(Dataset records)
++++++++++
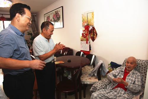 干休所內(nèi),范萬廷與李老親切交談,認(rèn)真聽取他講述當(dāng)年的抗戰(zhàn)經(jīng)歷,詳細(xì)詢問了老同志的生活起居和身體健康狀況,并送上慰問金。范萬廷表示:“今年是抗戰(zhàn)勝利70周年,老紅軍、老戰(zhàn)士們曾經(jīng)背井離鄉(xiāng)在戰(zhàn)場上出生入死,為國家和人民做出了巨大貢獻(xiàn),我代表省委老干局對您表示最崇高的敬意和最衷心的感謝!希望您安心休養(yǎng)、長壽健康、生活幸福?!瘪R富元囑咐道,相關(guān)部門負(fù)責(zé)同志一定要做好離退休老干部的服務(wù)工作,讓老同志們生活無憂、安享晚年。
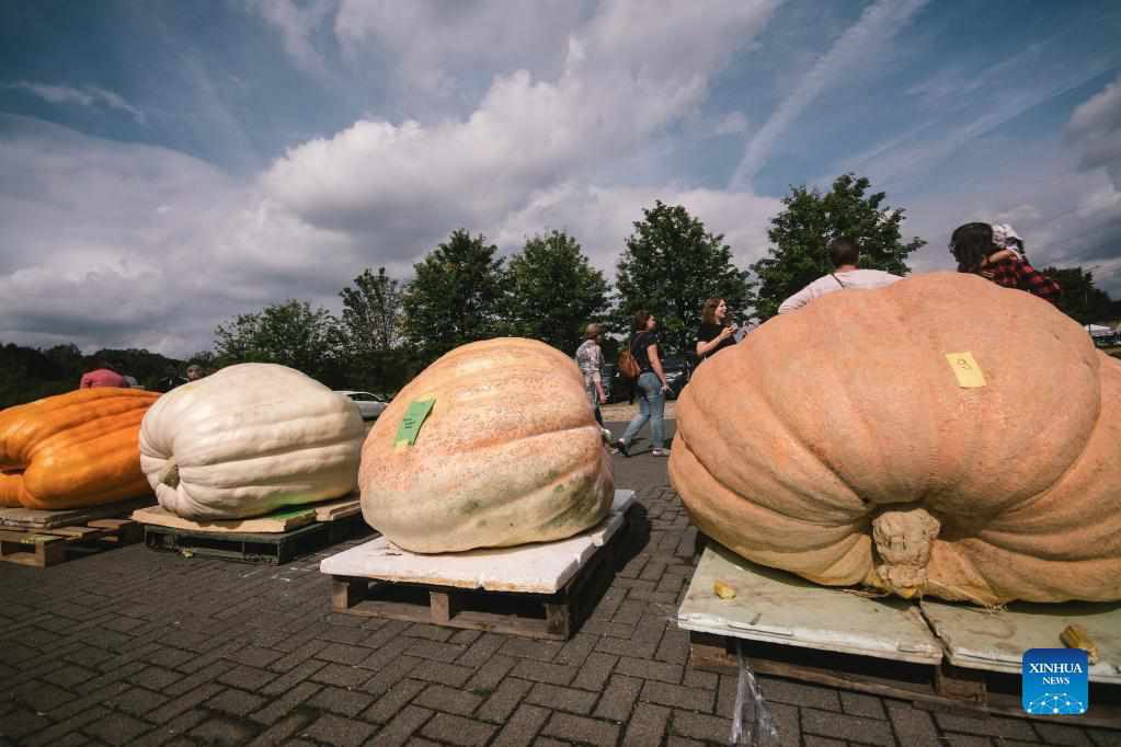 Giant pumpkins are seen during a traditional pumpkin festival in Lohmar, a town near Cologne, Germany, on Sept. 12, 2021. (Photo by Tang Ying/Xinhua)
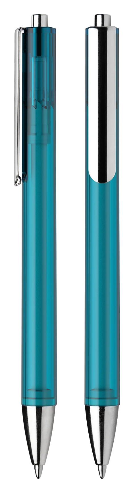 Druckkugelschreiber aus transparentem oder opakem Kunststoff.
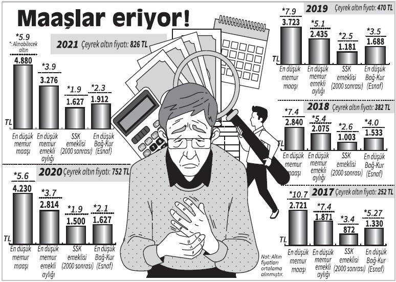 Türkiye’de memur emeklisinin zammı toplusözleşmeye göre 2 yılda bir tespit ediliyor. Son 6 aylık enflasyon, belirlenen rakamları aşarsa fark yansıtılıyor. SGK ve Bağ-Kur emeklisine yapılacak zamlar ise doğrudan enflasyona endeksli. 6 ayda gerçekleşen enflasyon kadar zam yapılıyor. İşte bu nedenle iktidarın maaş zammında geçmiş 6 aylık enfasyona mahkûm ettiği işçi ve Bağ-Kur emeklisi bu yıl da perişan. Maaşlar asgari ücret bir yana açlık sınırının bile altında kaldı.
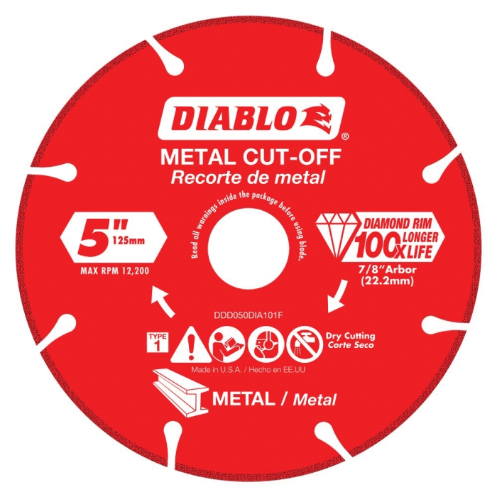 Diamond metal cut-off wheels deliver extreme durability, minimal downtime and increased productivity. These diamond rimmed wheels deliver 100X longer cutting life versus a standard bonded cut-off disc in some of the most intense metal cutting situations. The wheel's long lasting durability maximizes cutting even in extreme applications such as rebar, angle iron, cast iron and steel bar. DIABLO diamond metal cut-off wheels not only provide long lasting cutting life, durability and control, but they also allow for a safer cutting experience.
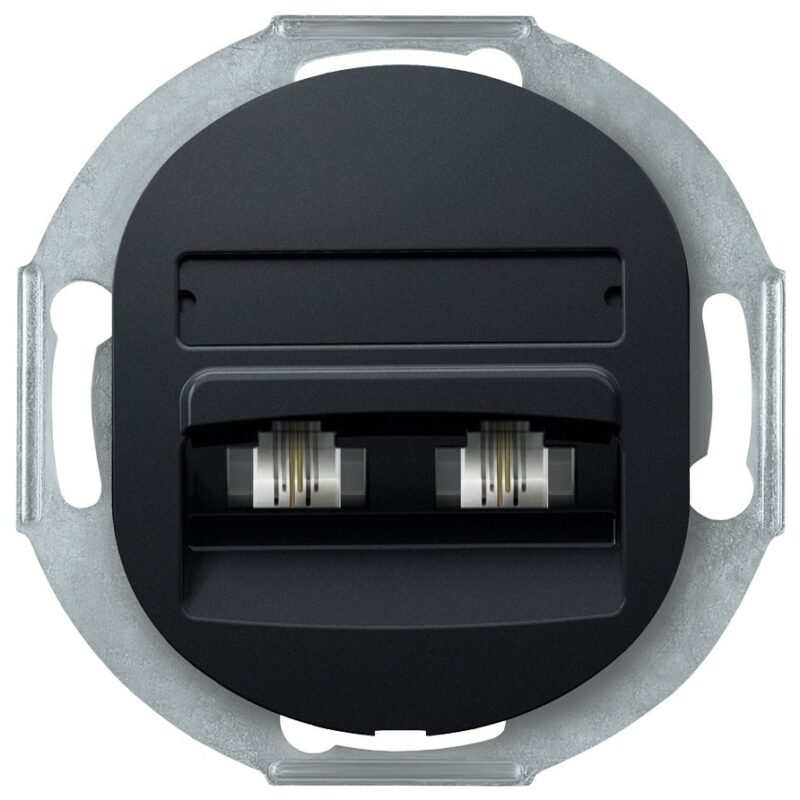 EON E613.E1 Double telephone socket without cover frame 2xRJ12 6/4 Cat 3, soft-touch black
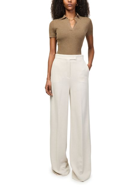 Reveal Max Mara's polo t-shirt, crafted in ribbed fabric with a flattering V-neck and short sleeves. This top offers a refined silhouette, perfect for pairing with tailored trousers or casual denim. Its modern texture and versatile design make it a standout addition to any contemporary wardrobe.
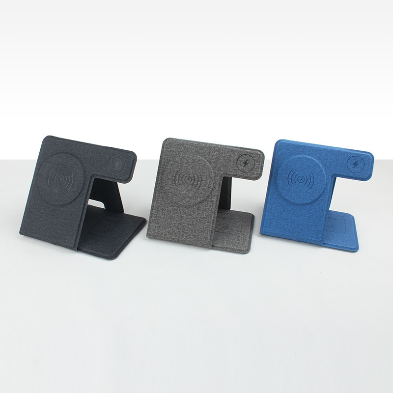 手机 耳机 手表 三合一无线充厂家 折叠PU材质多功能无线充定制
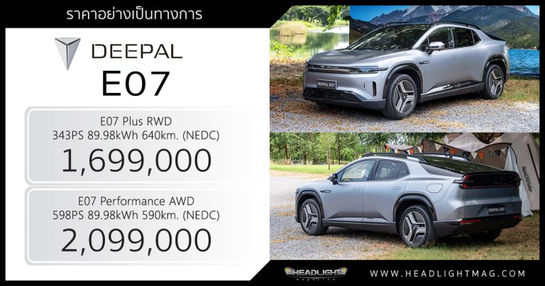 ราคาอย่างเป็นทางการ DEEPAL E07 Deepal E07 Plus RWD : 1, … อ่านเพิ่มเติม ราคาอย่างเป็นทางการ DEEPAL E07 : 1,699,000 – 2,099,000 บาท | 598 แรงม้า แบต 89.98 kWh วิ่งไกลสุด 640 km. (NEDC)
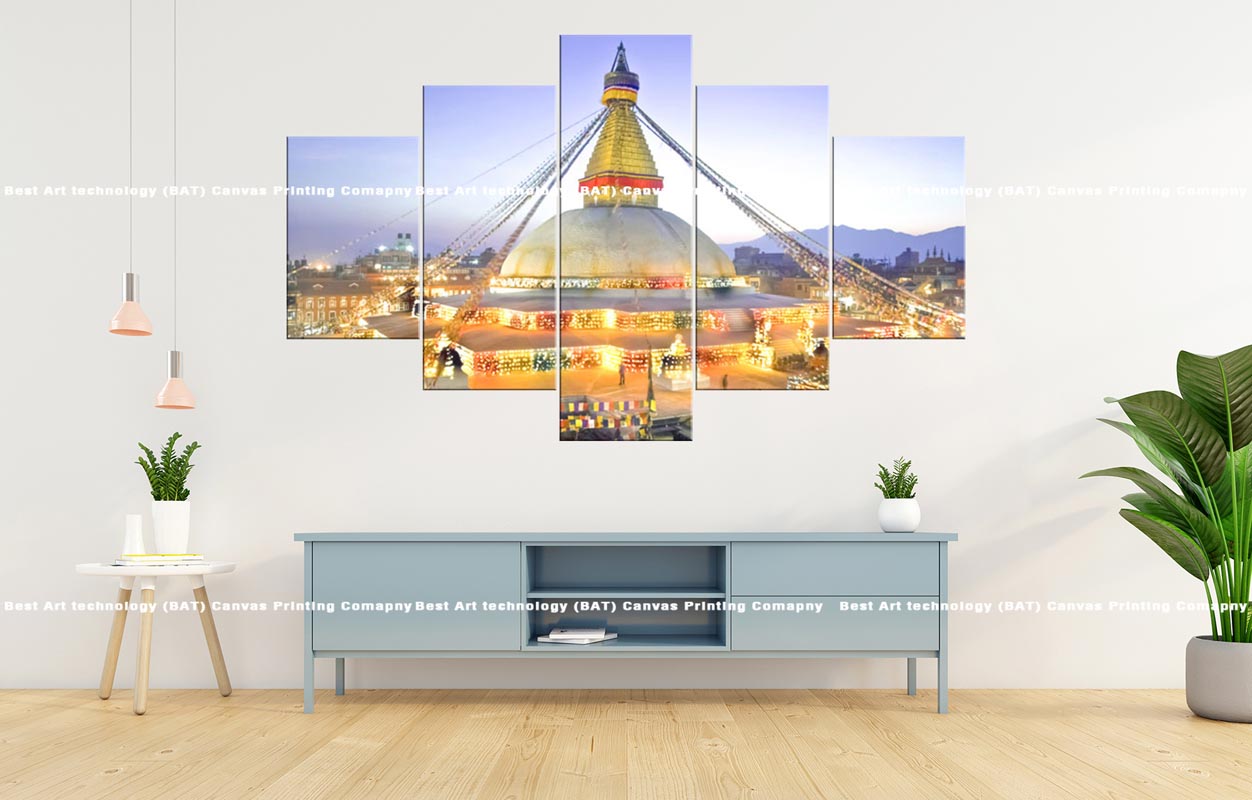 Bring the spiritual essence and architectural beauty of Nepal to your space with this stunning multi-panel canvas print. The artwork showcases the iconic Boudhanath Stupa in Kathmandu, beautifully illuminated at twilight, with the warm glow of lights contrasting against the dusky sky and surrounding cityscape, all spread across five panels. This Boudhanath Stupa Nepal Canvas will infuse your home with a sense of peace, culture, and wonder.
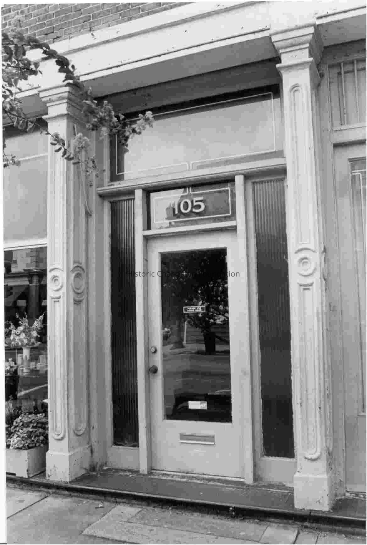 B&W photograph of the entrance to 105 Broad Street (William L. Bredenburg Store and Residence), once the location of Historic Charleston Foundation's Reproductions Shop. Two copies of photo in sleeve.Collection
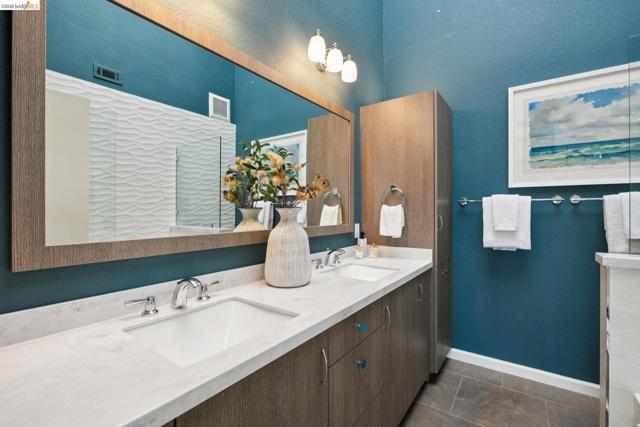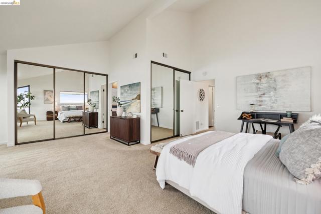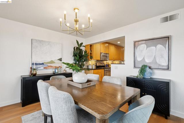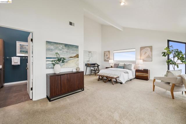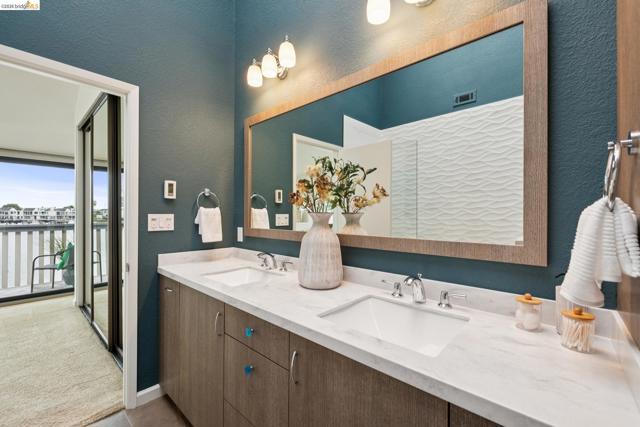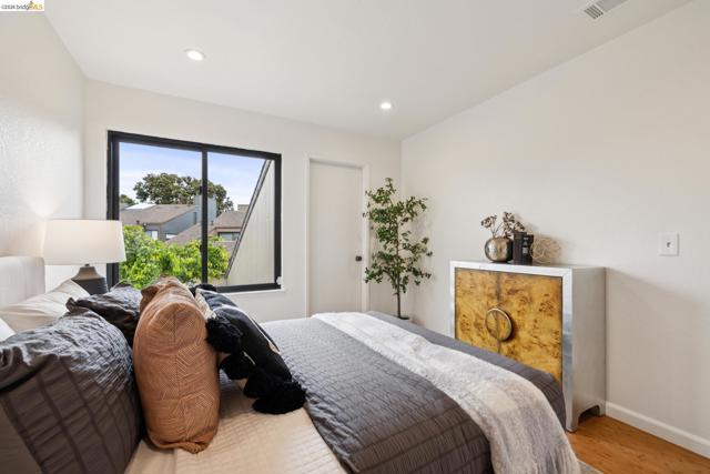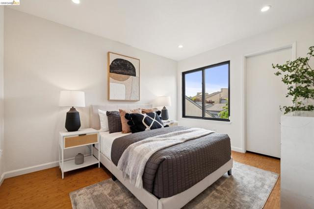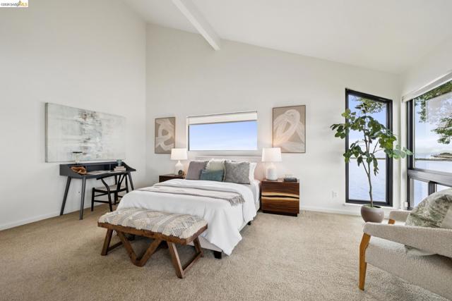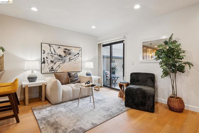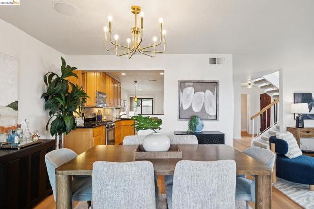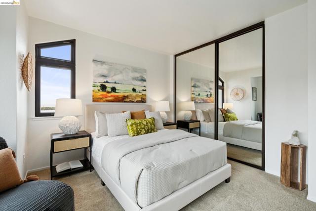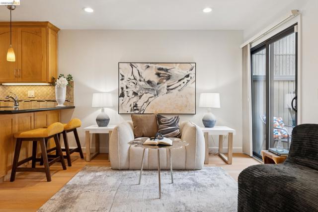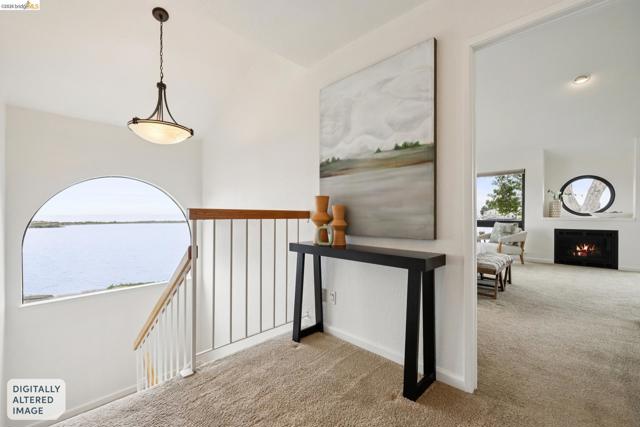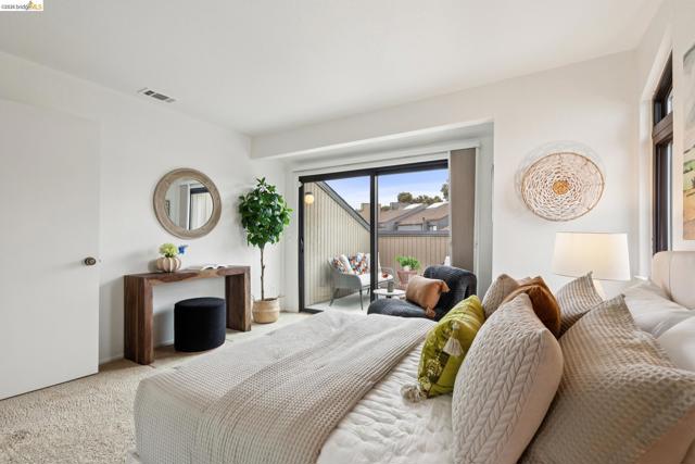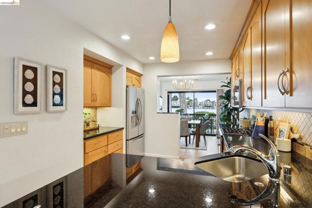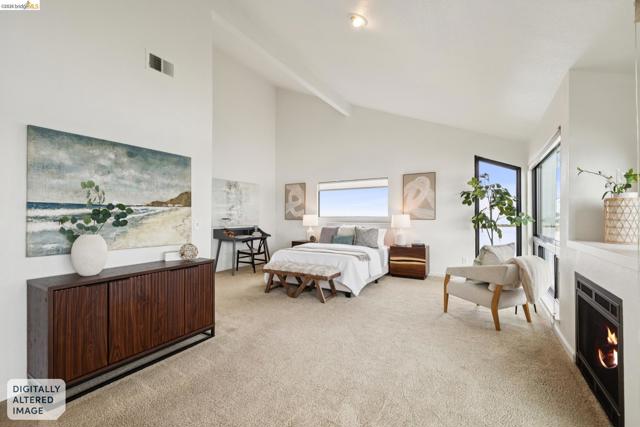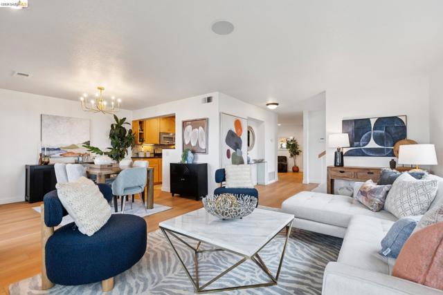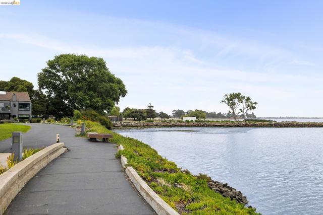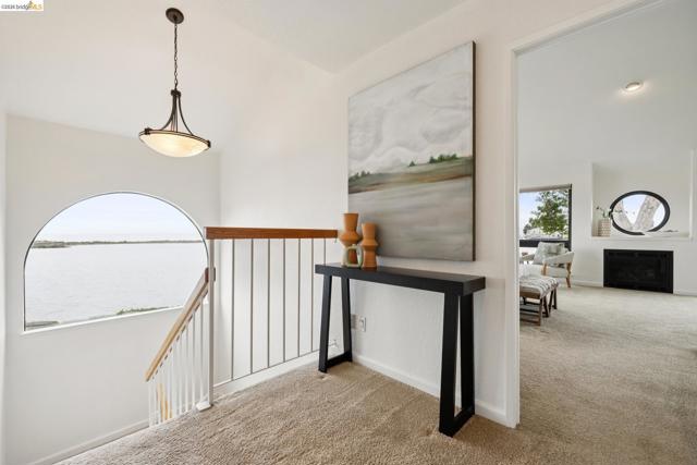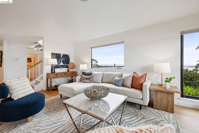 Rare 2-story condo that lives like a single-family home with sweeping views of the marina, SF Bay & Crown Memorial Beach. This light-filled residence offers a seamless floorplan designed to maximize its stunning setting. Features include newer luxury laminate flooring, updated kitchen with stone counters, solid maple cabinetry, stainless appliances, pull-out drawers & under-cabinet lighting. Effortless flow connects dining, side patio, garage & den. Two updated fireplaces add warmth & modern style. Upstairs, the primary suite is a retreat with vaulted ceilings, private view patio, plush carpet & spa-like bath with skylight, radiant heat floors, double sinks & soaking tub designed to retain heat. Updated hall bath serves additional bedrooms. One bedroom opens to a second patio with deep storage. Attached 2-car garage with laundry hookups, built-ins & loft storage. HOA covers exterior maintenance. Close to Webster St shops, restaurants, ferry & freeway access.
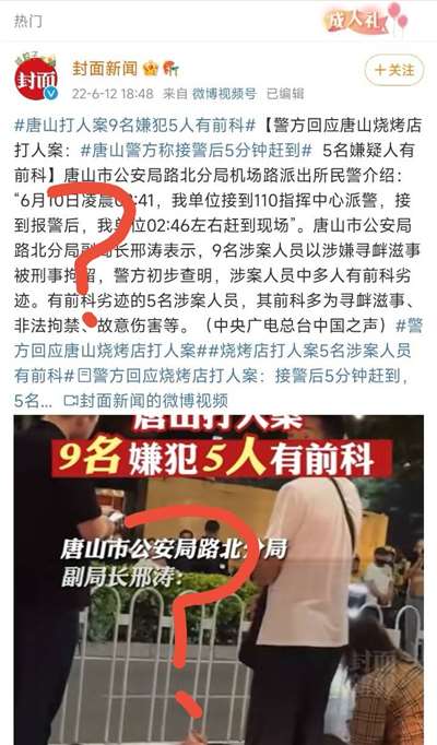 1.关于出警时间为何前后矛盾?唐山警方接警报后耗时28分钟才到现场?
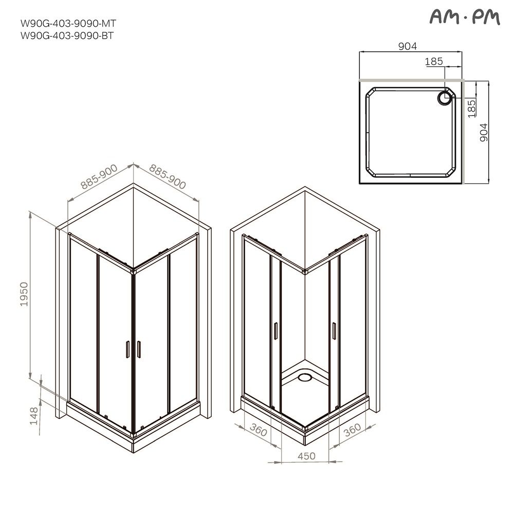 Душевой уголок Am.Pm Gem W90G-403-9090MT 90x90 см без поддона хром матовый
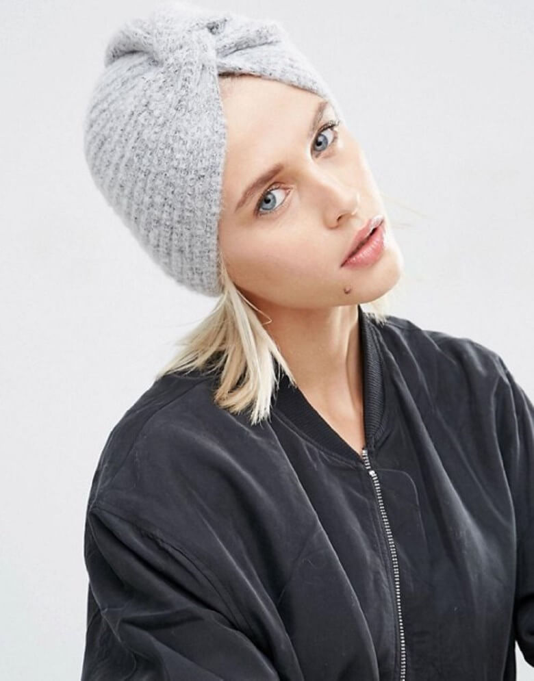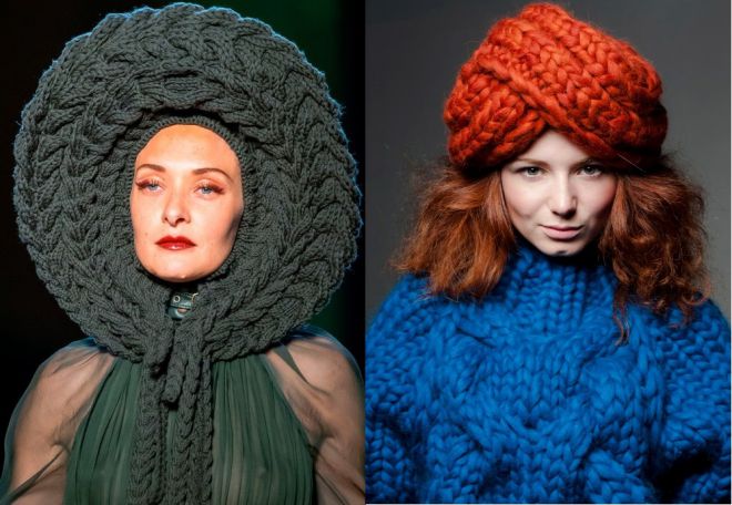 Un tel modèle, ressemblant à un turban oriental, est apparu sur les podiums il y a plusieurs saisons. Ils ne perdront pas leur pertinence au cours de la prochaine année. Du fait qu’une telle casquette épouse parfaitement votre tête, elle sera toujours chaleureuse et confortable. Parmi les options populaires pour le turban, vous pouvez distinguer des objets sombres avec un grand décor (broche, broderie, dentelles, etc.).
++++++++++
## Assigned task
Starting with the first line of the records above and stopping after the line containing "Türkiye’de memur emeklisinin", repeat every line exactly and leave out the pictures.

## Response box
 干休所內(nèi),范萬廷與李老親切交談,認(rèn)真聽取他講述當(dāng)年的抗戰(zhàn)經(jīng)歷,詳細(xì)詢問了老同志的生活起居和身體健康狀況,并送上慰問金。范萬廷表示:“今年是抗戰(zhàn)勝利70周年,老紅軍、老戰(zhàn)士們曾經(jīng)背井離鄉(xiāng)在戰(zhàn)場上出生入死,為國家和人民做出了巨大貢獻(xiàn),我代表省委老干局對您表示最崇高的敬意和最衷心的感謝!希望您安心休養(yǎng)、長壽健康、生活幸福?!瘪R富元囑咐道,相關(guān)部門負(fù)責(zé)同志一定要做好離退休老干部的服務(wù)工作,讓老同志們生活無憂、安享晚年。
 Giant pumpkins are seen during a traditional pumpkin festival in Lohmar, a town near Cologne, Germany, on Sept. 12, 2021. (Photo by Tang Ying/Xinhua)
 Druckkugelschreiber aus transparentem oder opakem Kunststoff.
 Türkiye’de memur emeklisinin zammı toplusözleşmeye göre 2 yılda bir tespit ediliyor. Son 6 aylık enflasyon, belirlenen rakamları aşarsa fark yansıtılıyor. SGK ve Bağ-Kur emeklisine yapılacak zamlar ise doğrudan enflasyona endeksli. 6 ayda gerçekleşen enflasyon kadar zam yapılıyor. İşte bu nedenle iktidarın maaş zammında geçmiş 6 aylık enfasyona mahkûm ettiği işçi ve Bağ-Kur emeklisi bu yıl da perişan. Maaşlar asgari ücret bir yana açlık sınırının bile altında kaldı.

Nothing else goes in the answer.